4 hours in and we've got 30+ signatures already - I want to say this is actually really good, but most of the signatures are from people on facebook!

letting the side down rfuk... tut tut. :lol2:
But yeah; there's now a fb event - search for ePetition for the Protection of Herp (reptile) Pet Trade in the UK and add you're fb friends; spreading the word works for gossip merchents - lets hope it works for real causes aswel.

x


----------



## furry_orange (Mar 29, 2010)

signed


----------



## BigRoj (Oct 26, 2010)

Signed and confirmed


----------



## Tarron (May 30, 2010)

Signed this.

Though you need 100000 signatories to get it before parliament, and even then they will probably say we will look at it if/when it comes up.

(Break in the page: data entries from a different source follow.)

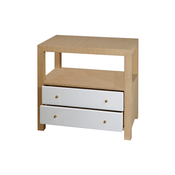 The Hattie two drawer side table brings style and grace to any room. Matte white lacquer finish with petite brass pulls sit elegantly within a coordinating natural grasscloth frame.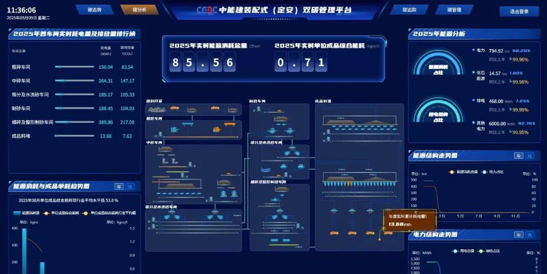 露天矿山能源双碳平台建立起一套碳排放核算体系及模型,实时采集、核算和分析全矿区的能耗与碳排放数据,生成清晰的碳足迹报告,为管理决策提供精准的数据支持。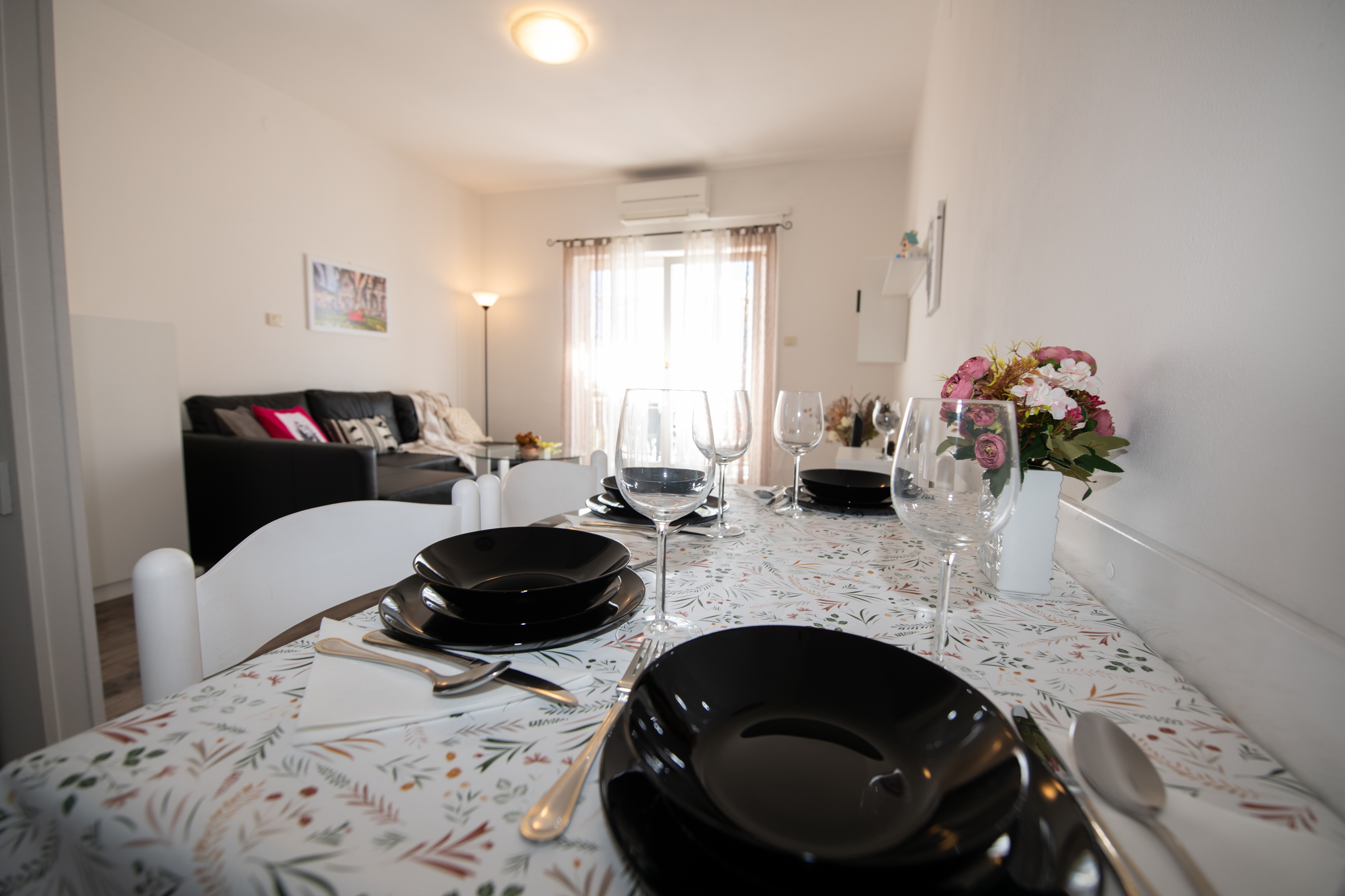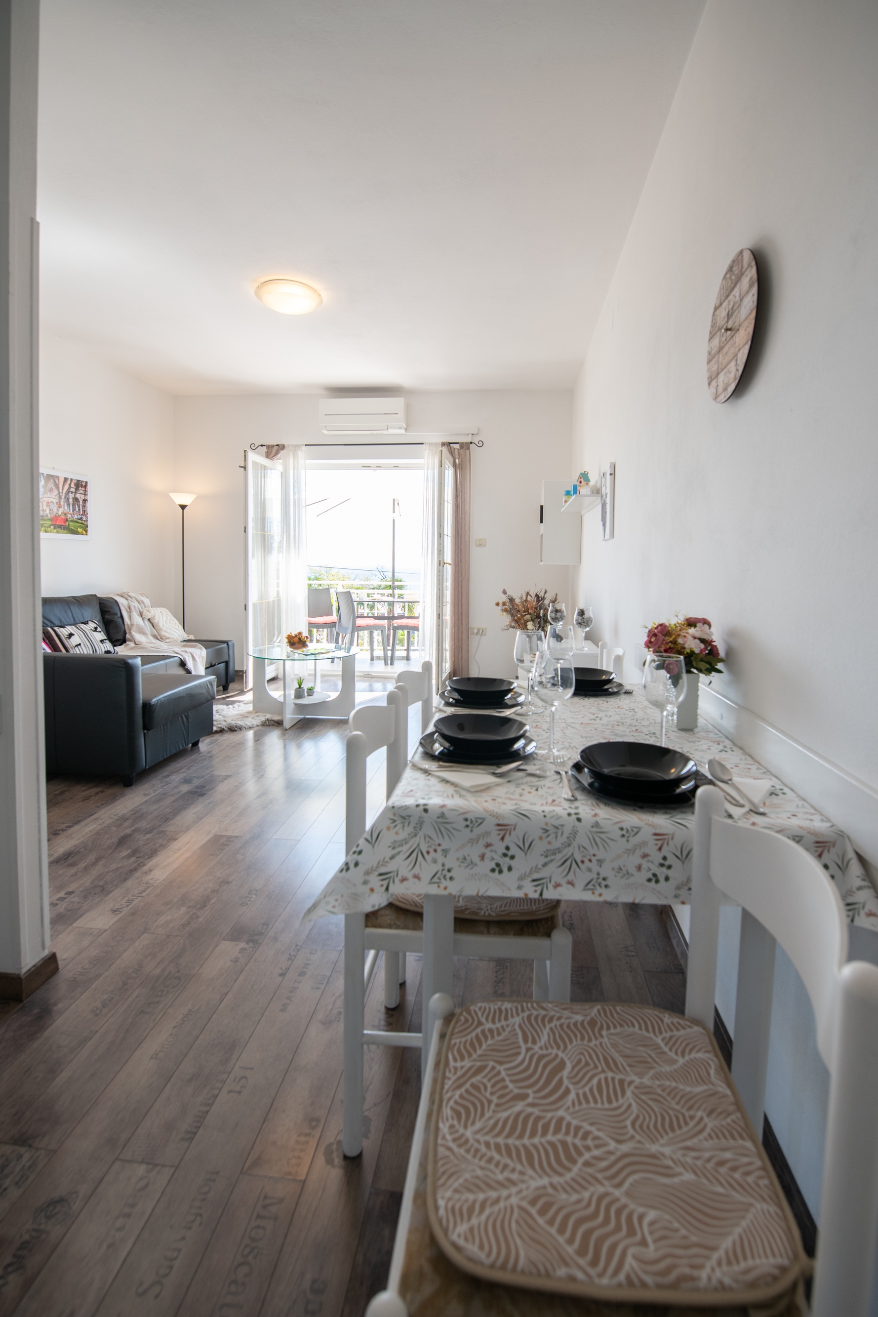 Apartament może przyjąć 4 gości. Łóżka znajdują się w sypialniach, których jest 1, oraz w pokoju dziennym, na powierzchni 47m2. Goście mają dostęp do tarasu, by korzystać z ciepłych, letnich wieczorów. Z apartamentu roztacza się widok na morze. W kwaterze dozwolony jest pobyt zwierzęcia domowego, za dopłatą. WLICZONE W CENĘ: taksa pobytowa, sprzątanie końcowe, klimatyzacja, parking, internet, łóżeczko dziecięce, żelazko, deska do prasowania, suszarka do włosów. NIEOBOWIĄZKOWE KOSZTY DODATKOWE: zwierzęta domowe (7,00 € za nocleg). Dostępność dodatkowych usług w rezerwowanym terminie oraz ich cenę (jeśli nie jest podana) należy sprawdzić wcześniej. Za dodatowe usługi, które nie zostały uwzględnione w kalkulacji ceny, płaci się bezpośrednio właścicielowi obiektu, pod warunkiem śe gość korzysta z tych usług. Zniżki od ceny podstawowej: bezpłatny dzień 14=13 (przy pobycie, trwającym co najmniej 14 dni, otrzymujecie jeden bezpłatny dzień na pobyt do 31.12.2026).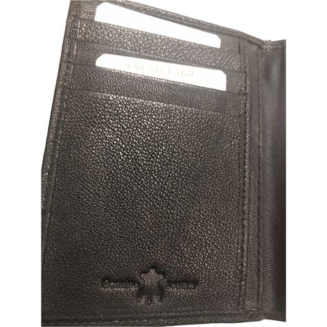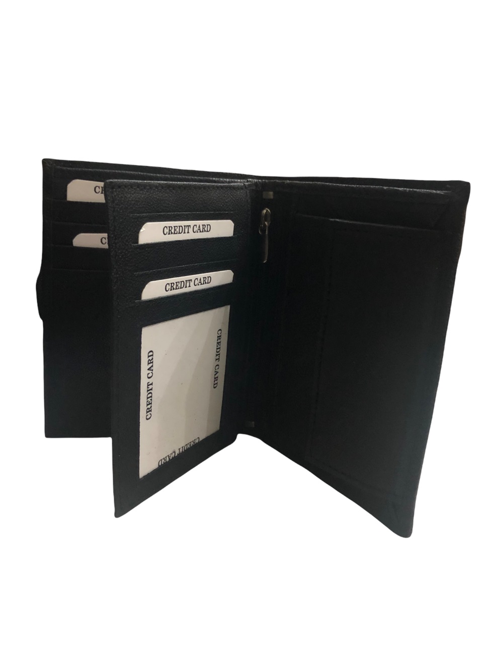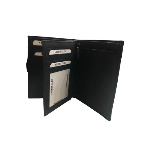 Δερμάτινο ανδρικό πορτοφόλι κάθετο με σφραγίδα γνησιότητας επάνω στο δέρμα εξαιρετικής ποιότητος με θήκη για ταυτότητα,2 θήκες βαθιές με χώρισμα αναμεσά τους για χαρτονομίσματα 8 θήκες για κάρτες, θήκη για κέρματα με μεταλλικό κούμπωμα 6 κρυφές εσωτερικές θήκες στο πλάι αριστερά-δεξιά, 2 επιπλέον εσωτερικές θήκες που ανοίγουν με φερμουάρ. Πολύ μαλακό δέρμα.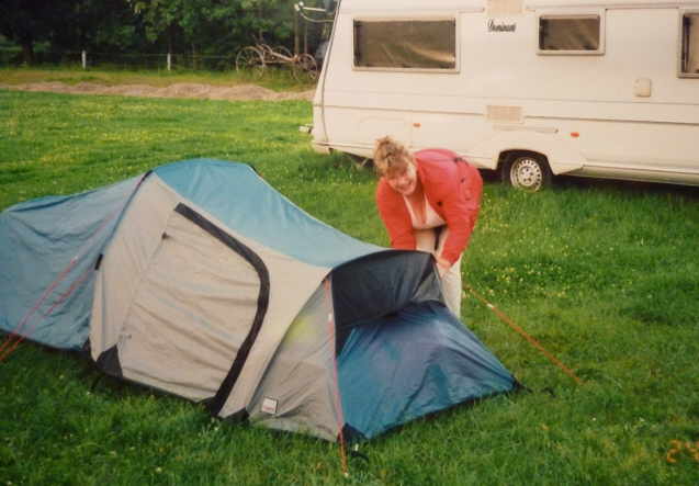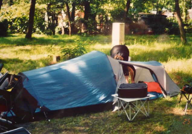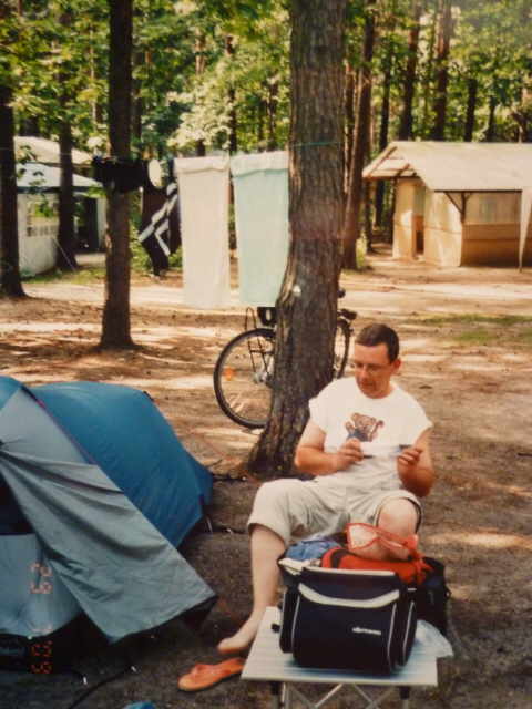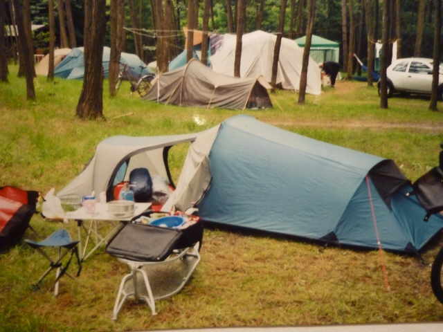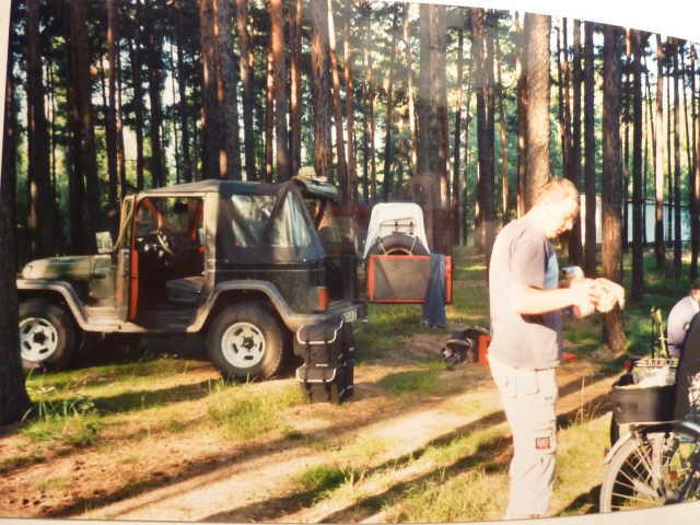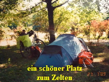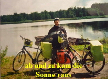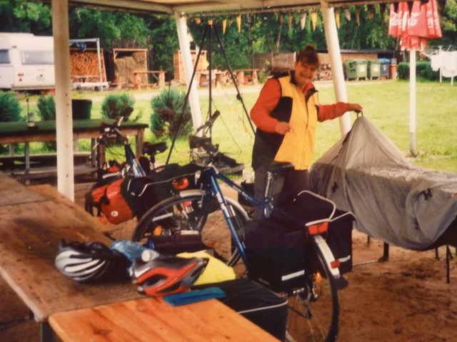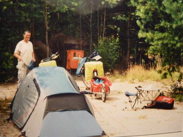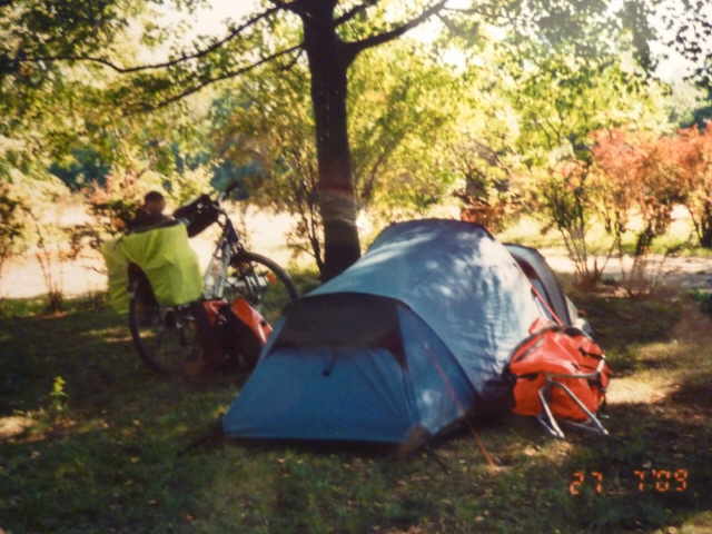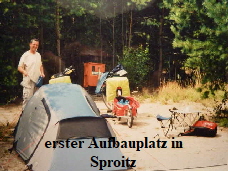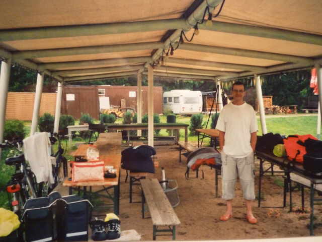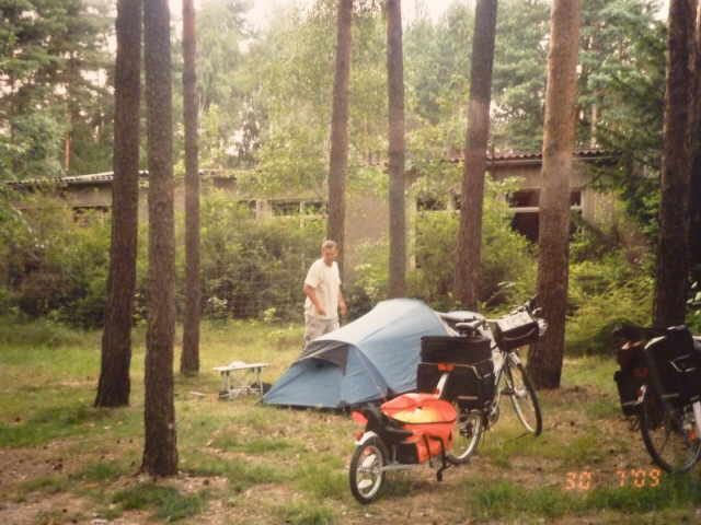 Rundtour mit den Rädern, um uns einen Überblick zu verschaffen. Nach dem Abendbrot am Zelt, machten wir uns zum Schlafen fertig. Die Waschgelegenheit war in einem alten Bauwagen
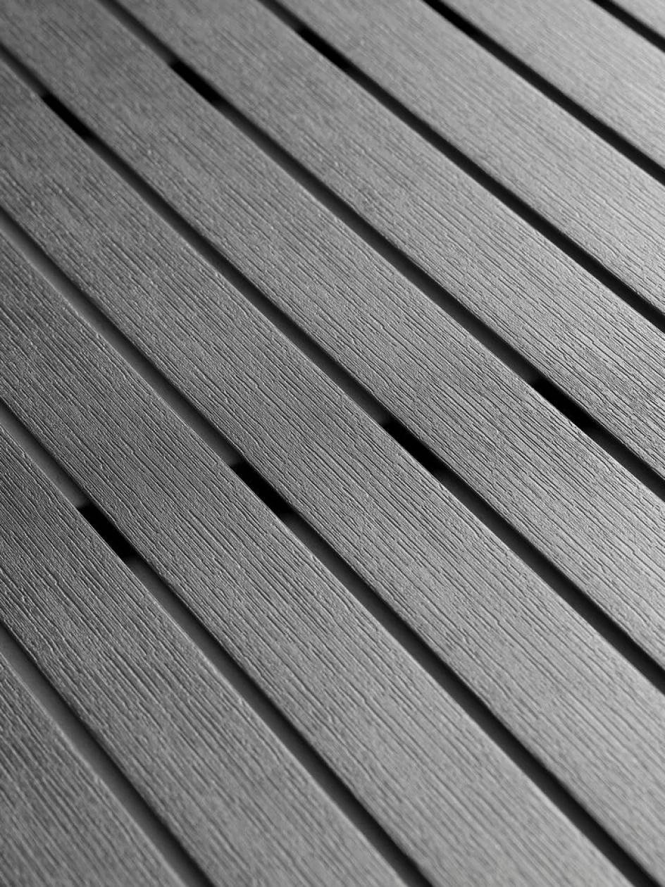 Ensemble meubles de jardin 4 places. Table: Acier et imitation bois. l90 x L149 x H74 cm. Chaise: Plastique résistant aux UV (20% recyclé). Empilable.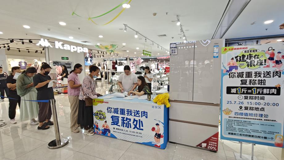 東營(yíng)區(qū)域組織11家門(mén)店開(kāi)展減重送肉活動(dòng),市民報(bào)名即可領(lǐng)取百貨超市代金券。兩期活動(dòng)累計(jì)報(bào)名1311人,復(fù)稱(chēng)679人,贈(zèng)送鮮肉4724斤。活動(dòng)與周邊社區(qū)緊密合作,在社區(qū)設(shè)置稱(chēng)重點(diǎn)方便居民參與,聯(lián)合街道衛(wèi)生院設(shè)立“健康服務(wù)站”,提供中醫(yī)把脈和“三減”知識(shí)科普。活動(dòng)同期開(kāi)展瑜伽大會(huì),讓參與者在舒緩音樂(lè)中放松身心。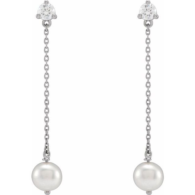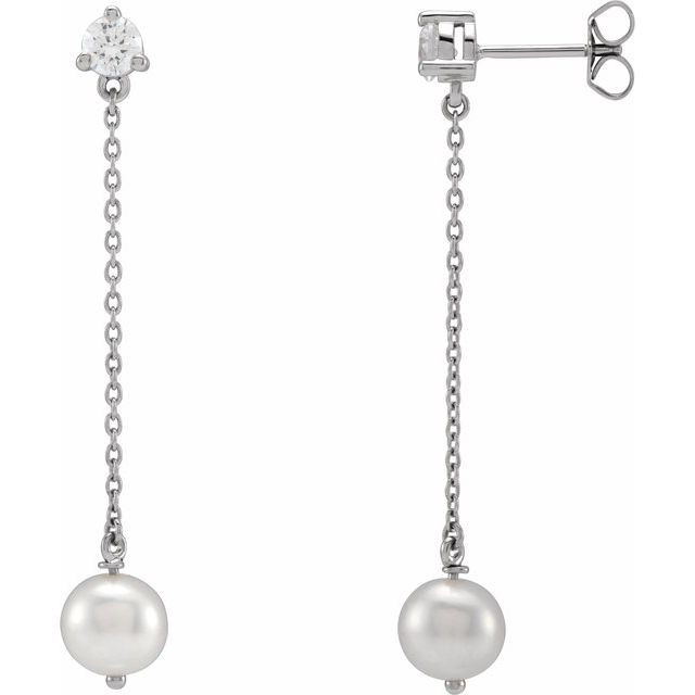 14 Karat White Gold Cultured Freshwater Pearl and 0.50 CT Lab Grown Diamond Earrings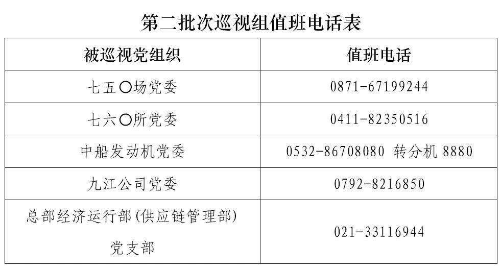 巡視期間,集團公司黨組巡視組設(shè)置值班電話和聯(lián)系信箱,主要受理反映被巡視黨組織領(lǐng)導(dǎo)班子及其成員、下一級黨組織領(lǐng)導(dǎo)班子主要負責人和重點崗位領(lǐng)導(dǎo)干部問題的來信、來電、來訪,重點關(guān)注違反政治紀律、組織紀律、廉潔紀律、群眾紀律、工作紀律、生活紀律以及巡視整改等方面問題反映。第二批次巡視受理信訪截止時間為8月18日。
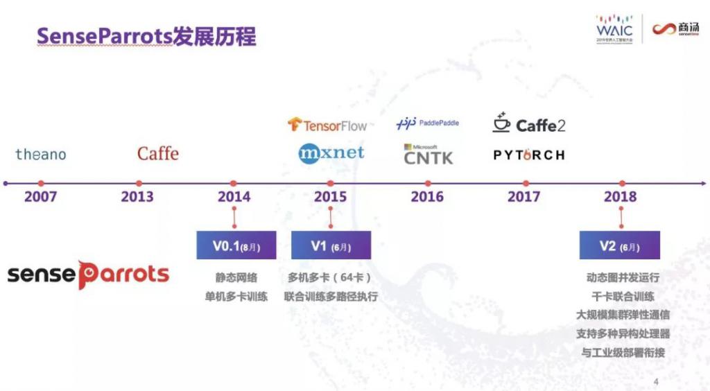 从那时候开始,Parrots 跟商汤共同成长,经历了五年的发展。2015 年的时候,几乎与 TensorFlow 同时,我们发布了第一版的 SenseParrots。那时候它已经具备了多机多卡联合训练和多路径执行的领先业界的特性。之后又经过了三年的发展,我们于去年内部发布了 SenseParrots 的第二代。在这一代它不但具有了一系列更加重要的特性,具备了更丰富的能力和更高的性能,而且也逐渐成为了商汤赋能 AI 产业的战略支撑。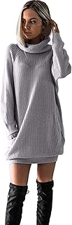 HHWY Pullover Damen Langarm Elegant Rollkragen Winter Warm Winterkleid Einfarbig Stricken Lässig Lose Minikleid Strickkleid Damen Sweatshirt Damen Oversized Blusenkleid Pullover Kleid Mit Taschen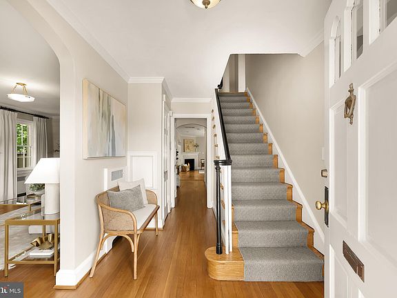 Set back from the verdant street in the heart of idyllic Martin’s Additions in Chevy Chase is this charming colonial. Originally constructed in 1935, the home retains its historic character while being fully upgraded to meet contemporary lifestyle preferences. A flagstone walkway leads to the inviting front entrance, where the home’s classic symmetry and dormers embedded in the slate roof offer effortless curb appeal. The traditional center hall floor plan features formal living and dining rooms flanking the entry foyer. Both spaces are generously proportioned, with the living room showcasing a roaring fireplace and the dining room providing an ideal setting for dinner parties. Accessed via double doors off the living room is a private study complete with new custom built-ins and views out to the garden. In contrast to the formal areas, the informal spaces are open concept, suited to a modern style of living. The chef’s kitchen is the heart of the home, featuring modern cabinetry, stone countertops, stainless steel appliances, a commercial range,a stylish hood vent,and spacious pantry. A new backsplash and lighting enhance the space, which opens to the spacious family room. Here, a cozy wood-burning fireplace, refinished built-ins that offer ample storage, a large bay window, and direct patio access create the perfect gathering place. An elegant, newly renovated full bath completes the main level. Upstairs, the luxurious primary suite features an inviting integrated bench beneath the bay window, private roaring fireplace, and new closets. Its sumptuous ensuite bath boasts a double vanity, soaking tub, and separate walk-in glass shower. Two additional bedrooms and a hall bath complete the upper level offering ample accommodation. The freshly updated lower level offers a recreation space for true multipurpose flexibility. The newly updated powder room and direct access to the attached garage complete the space. A true highlight of the home is the parcel of land it is situated on, for both its outdoor space and prestigious location. Adjacent to the flagstone patio off the family room is a large, flat, usable grassy backyard. Fully fenced and shaded by lush, mature foliage, the rear lawn offers complete privacy and is effortlessly maintained by the all encompassing irrigation system. The unparalleled location is steps away from Chevy Chase Park, the weekly farmer's market, Olympia Cafe, Brookville Supermarket, and the legendary La Ferme Restaurant, as well as falling within the CCRA Swim and Tennis Club scope. Perfectly blending historic charm and modern livability and situated in one of the Capital Region’s most sought-after communities, 7213 Chestnut Street represents the epitome of Chevy Chase living.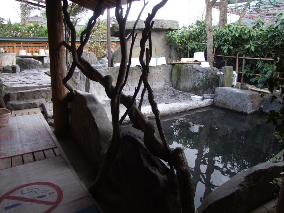 そこは“万年の湯”という場所で、特に山奥にあるような感じではなく、ある意味?市街地の中にポツンと佇んでいる感じでした。番頭さんがいるわけでもないようで、入口にお金を入れる所があって、そこに半ば自己申告的に(笑)100円を入れるだけでした。中に入ってみると確かに露天で、2つのお風呂があり、これで100円は確かに安いです。写真は男性用ですが(当たり前です…笑)。女性用は一応建物に包まれているので、これはこれで問題は無いでしょう…。もちろん設備的には何もありませんが、かえってそれが情緒的なムードを漂わせてて良いかなとも思いました。思う存分寛げました♪

I hope it works, but the pessimist in me says it won't.


----------



## BigRoj (Oct 26, 2010)

Tarron said:


> Signed this.
> 
> Though you need 100000 signatories to get it before parliament, and even then they will probably say we will look at it if/when it comes up.
> 
> I hope it works, but the pessimist in me says it won't.


I feel pretty much the same but if we don't try we will never know.and there is a fair ol few of us on rfuk throw in some friends and family and that figure is not so large after all(i hope)


----------



## LuiBlu (Aug 27, 2010)

Tarron said:


> Signed this.
> 
> Though you need 100000 signatories to get it before parliament, and even then they will probably say we will look at it if/when it comes up.
> 
> I hope it works, but the pessimist in me says it won't.


it's worth a try.
at the end of the day, they're always scaremoungering us, so this way they can see they have 100,000 people that they'll come up against when it comes to puting up a fight.

i don't foresee it myself - then banning reps that it. it's a huge trade industry and at the end of the day it brings a lot of money into this country. Jo Public might not know that, but defra will. So long as it's money earned; it'll stick.


----------



## snakewhisperer (Nov 13, 2009)

Signed :2thumb:


----------



## Tarron (May 30, 2010)

I'm not trying to say its not worth It, its always worth a shot.

And I agree about the trade and defra.

It's up on my Facebook page anyway, try to get some extra people on it.


----------



## THELAWrence (Aug 11, 2011)

Signed and sorted:2thumb:


----------



## lisacrestedgecko (Feb 28, 2011)

come on guys please sign this there are millions of people on fb and if we can make a good impression with more than 100,000 maybe they'll sit up and take notice  i'm lisa off facebook xxx


----------



## furry_orange (Mar 29, 2010)

go boyfriend to sign  will get friends to sign as they come round


----------



## sn8ks4life (Jul 27, 2011)

SIGNED and confirmed, hope the vile government don't try anything silly


----------



## penda (Jul 22, 2009)

just waiting on the email , no bastard government gunna take my beloveds away!!!!!!!!!!


----------



## ba1l3y76 (May 8, 2011)

Signed!!:2thumb:


----------



## chaos (Jun 12, 2010)

Signed :2thumb:


----------



## Blake1990 (May 15, 2011)

Signed this last night but it says the closing it septmber 2nd?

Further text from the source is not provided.